[lammps-users] problems with releasing processors after deleting the job

Hi,

I am running parallel job with Lammps in the cluster. The job was submitted using PBS script. When I deleted/canceled the jobs, the processors occupied by the job were sometimes not released. But the system showed the jobs have been deleted. It seems these processors would be always occupied. Is it the problem of the my Lammps input command? Many thanks.

Regards,

Hi,

I am running parallel job with Lammps in the cluster. The job was submitted
using PBS script. When I deleted/canceled the jobs, the processors occupied
by the job were sometimes not released. But the system showed the jobs have
been deleted. It seems these processors would be always occupied. Is it the
problem of the my Lammps input command? Many thanks.

no, this is the problem of your cluster setup or MPI launcher/library.

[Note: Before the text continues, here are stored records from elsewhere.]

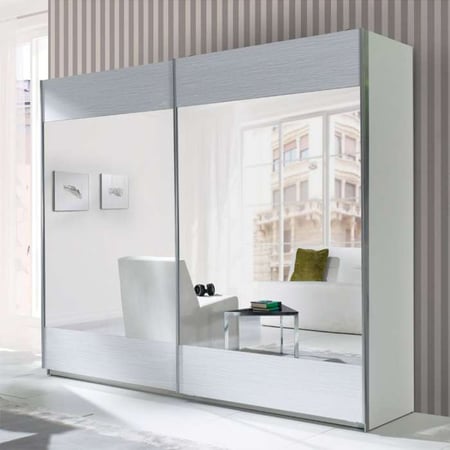 The LUX STRIPES wardrobe offers style and functionality with its sleek white finish, 2 mirrored sliding doors, 9 shelves, and a hanging rail. Perfect for modern homes!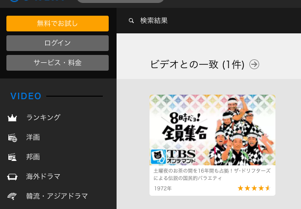 「鉄道員」「8時ダョ!全員集合」はU-NEXT、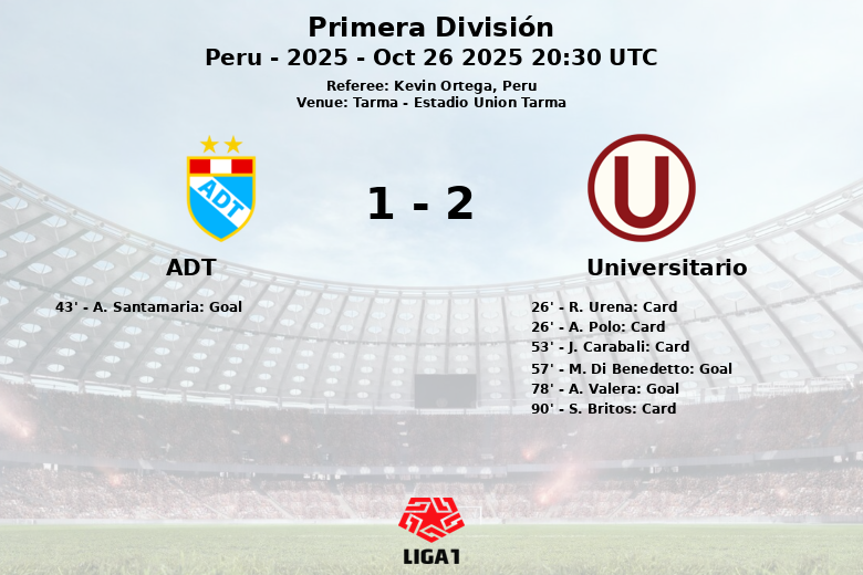 In a hard-fought match at the Estadio Unión Tarma, Universitario secured an important away victory against ADT in matchday 16 of the Clausura tournament of the Peruvian Primera División. The match, refereed by Kevin Ortega, was intense and marked by cards.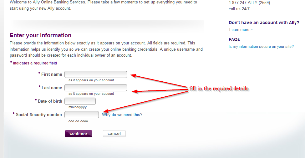 Step 2– Provide the information in the page as they appear on your bank account. Make sure that fill all the fields accurately. This information will help the bank to identify you so that they can create an online account for you. You will need to use a unique username and password for the account.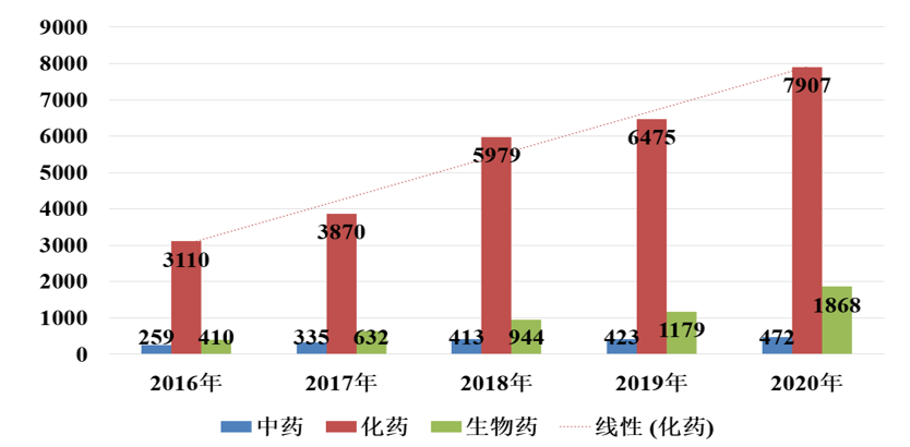 2、在國家新藥創(chuàng)新政策鼓勵下,以及資本的高度關(guān)注支持下,創(chuàng)新藥數(shù)量增長顯著。 其中,生物類新藥增長尤為矚目,是1類創(chuàng)新藥中的熱點;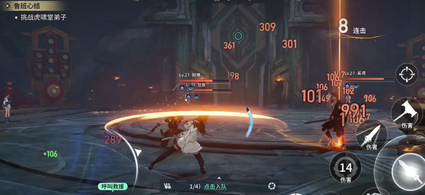 上去之后,就会碰到虎啸堂弟子,这里是真正的挑战。如果打不过,可以喊好友一起来。没有固定队友也没关系,界面上有个呼叫功能,可以招陌生玩家帮忙。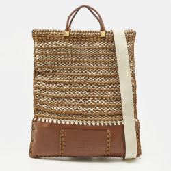 Valentino Identity Woven Brown/Tan Leather and Rope Tote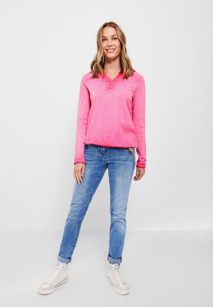 Say YES! Ein beliebter Klassiker im Kleiderschrank ist dieses Damenshirt von CECIL im Hoodie Style. Modern interpretiert, zeigt es sich in gewaschener Optik mit dezenten Farbverläufen. Dadurch überrascht die Unifarbe in einem besonders schönen Look. Kapuze, Langarm und Tunnelzugband im Saum ergänzen den Fit.

if you run in parallel, PBS only "knows" about the mpirun command,
but the individual lammps instances are launched "manually". particularly
with MPICH this can become a problem and you will get the kind of
"runaway" executables.

the solution to this is to have executables launched not through ssh/rsh
but through PBS (the "tm" method). with OpenMPI this is a compile time
option and with MPICH (at least the older versions) you would have to use
the "mpiexec" launcher from OSC instead of the default mpirun script.

in any case, you should talk to your system administrator and have a
proper "epilogue" script installed that will kill off all runaway tasks.

cheers,
   axel.